* [Exercise description] Restate word for word the lines of the material below, from the line with "Hai! Nama saya" to the line with "- Puissant : plateforme", both lines included, and no others.

* [Source data]

[Start of section]

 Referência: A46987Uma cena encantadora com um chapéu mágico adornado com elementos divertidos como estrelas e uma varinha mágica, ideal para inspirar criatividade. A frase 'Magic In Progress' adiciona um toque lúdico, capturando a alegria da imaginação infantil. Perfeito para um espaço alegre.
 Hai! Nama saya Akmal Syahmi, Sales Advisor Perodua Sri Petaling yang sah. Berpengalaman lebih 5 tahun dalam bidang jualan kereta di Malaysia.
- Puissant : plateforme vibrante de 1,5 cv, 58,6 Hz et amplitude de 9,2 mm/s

[End of section]
[Start of section]

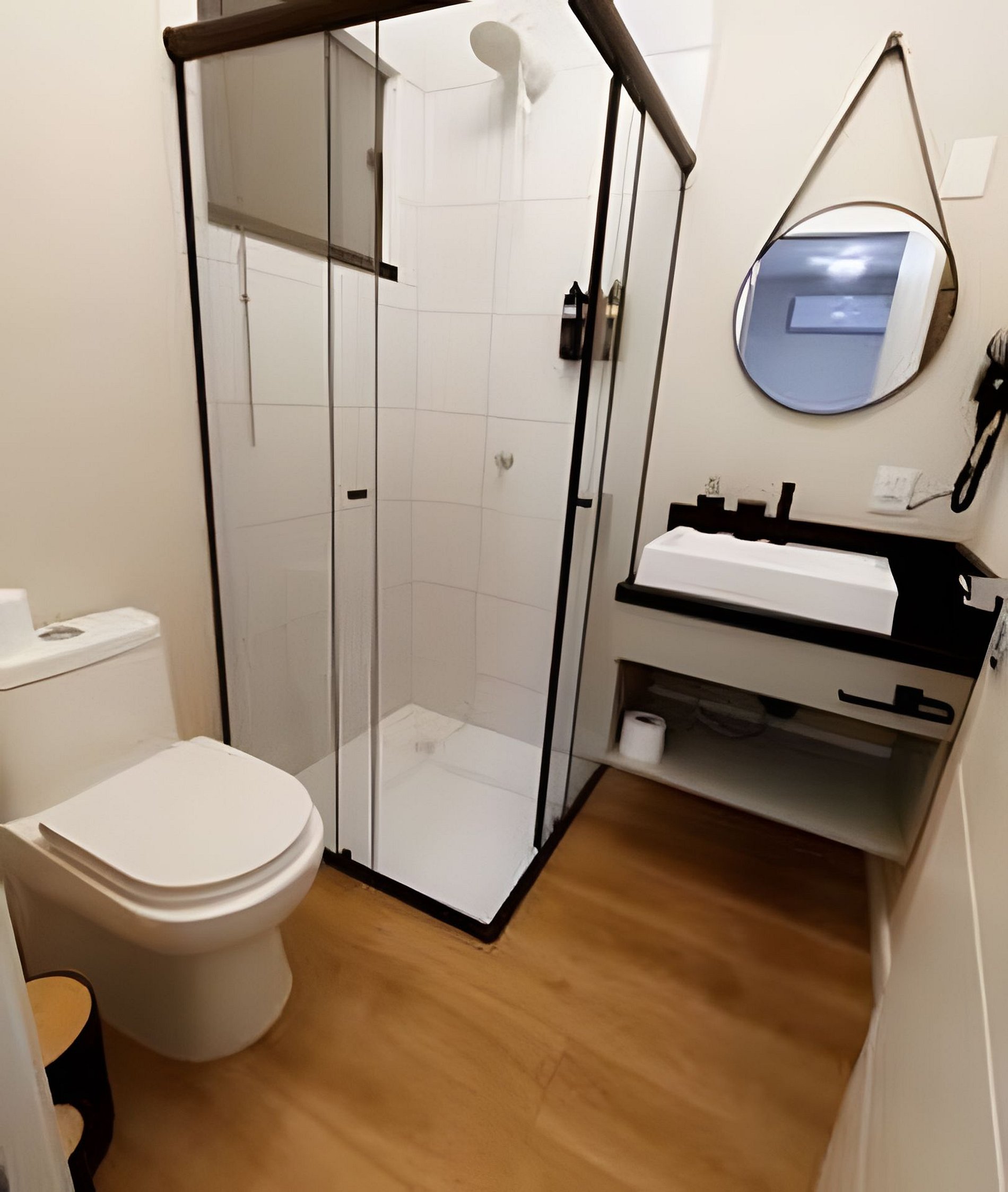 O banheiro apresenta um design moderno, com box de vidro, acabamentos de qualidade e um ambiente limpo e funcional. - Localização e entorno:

[End of section]

* [Reply to the task]
 Hai! Nama saya Akmal Syahmi, Sales Advisor Perodua Sri Petaling yang sah. Berpengalaman lebih 5 tahun dalam bidang jualan kereta di Malaysia.
- Puissant : plateforme vibrante de 1,5 cv, 58,6 Hz et amplitude de 9,2 mm/s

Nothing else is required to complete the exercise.